For the construction of negative samples, we selected a variety of land cover types that are commonly confused with cultivated land in remote sensing classification, including forests, grasslands, barren land, water bodies, urban areas, and wetlands58. These negative samples were carefully selected from diverse geographic regions across Xinjiang to encompass a wide range of non-cultivated land types with spectral characteristics similar to cultivated land, thereby enhancing the model’s ability to distinguish non-cultivated areas.

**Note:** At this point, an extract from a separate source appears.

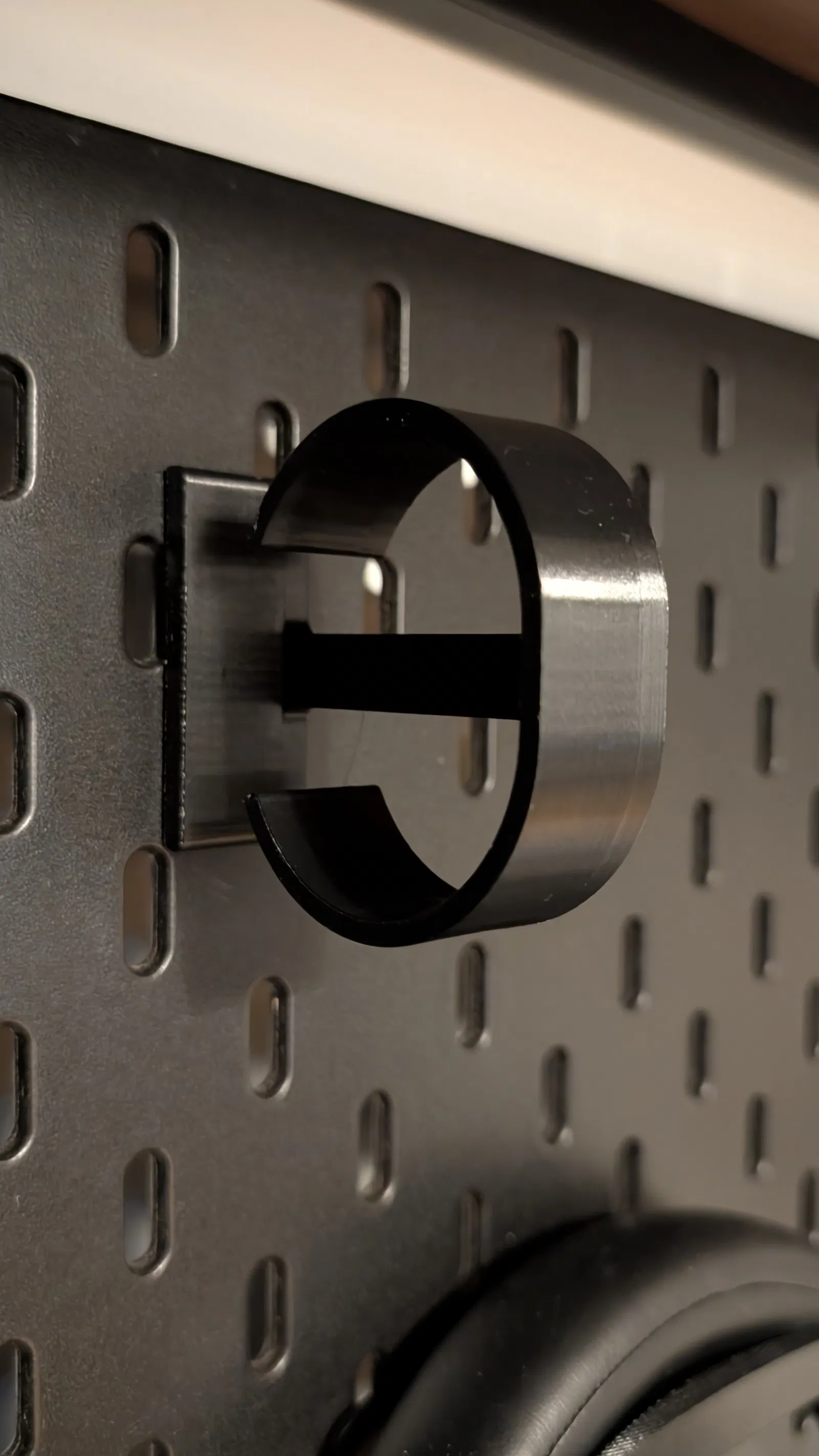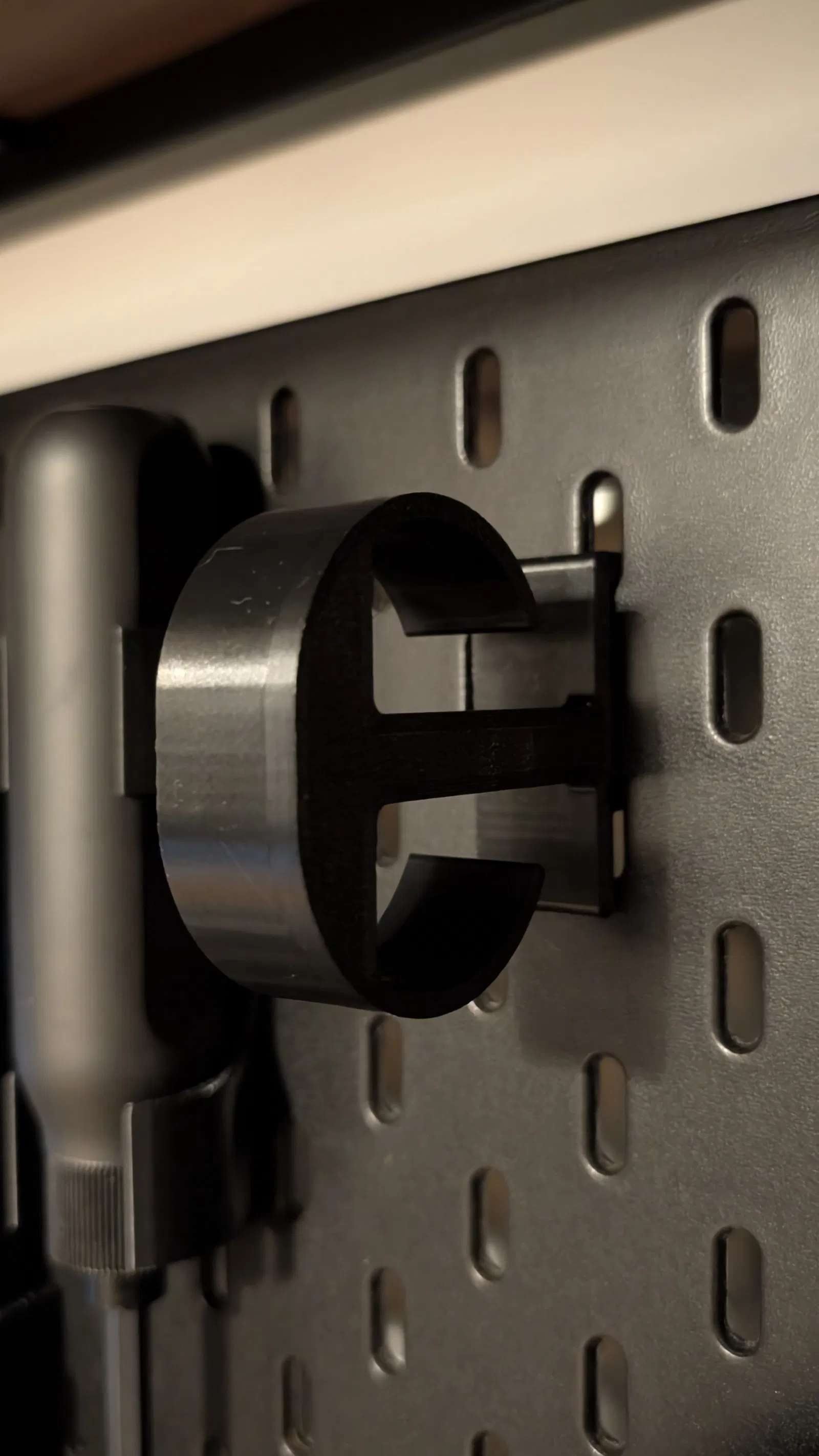 Khi gắn holder lên SKADIS board, bạn bắt đầu bằng cách móc phần móc trên vào trước, rồi ấn xuống với một chút lực; sau đó nó sẽ “snap” vào đúng vị trí chỉ bằng một động tác mượt. Bản này ôm khít hơn thiết kế gốc khá nhiều, nên lúc lắp cũng sẽ cần lực hơn một chút.

To mitigate potential class bias during training, several strategies were adopted to improve the fairness and robustness of the learning process. Specifically, we employed an iterative optimization approach to progressively incorporate representative negative samples during the training of the models59. Meanwhile, we maintained a balanced distribution of negative sample types, ensuring that each category contained at least three base samples. In addition, data augmentation techniques, including geometric transformations such as flipping and rotation, were applied to the negative samples to enhance sample diversity and mitigate the risk of overfitting, thereby improving the robustness of the model60.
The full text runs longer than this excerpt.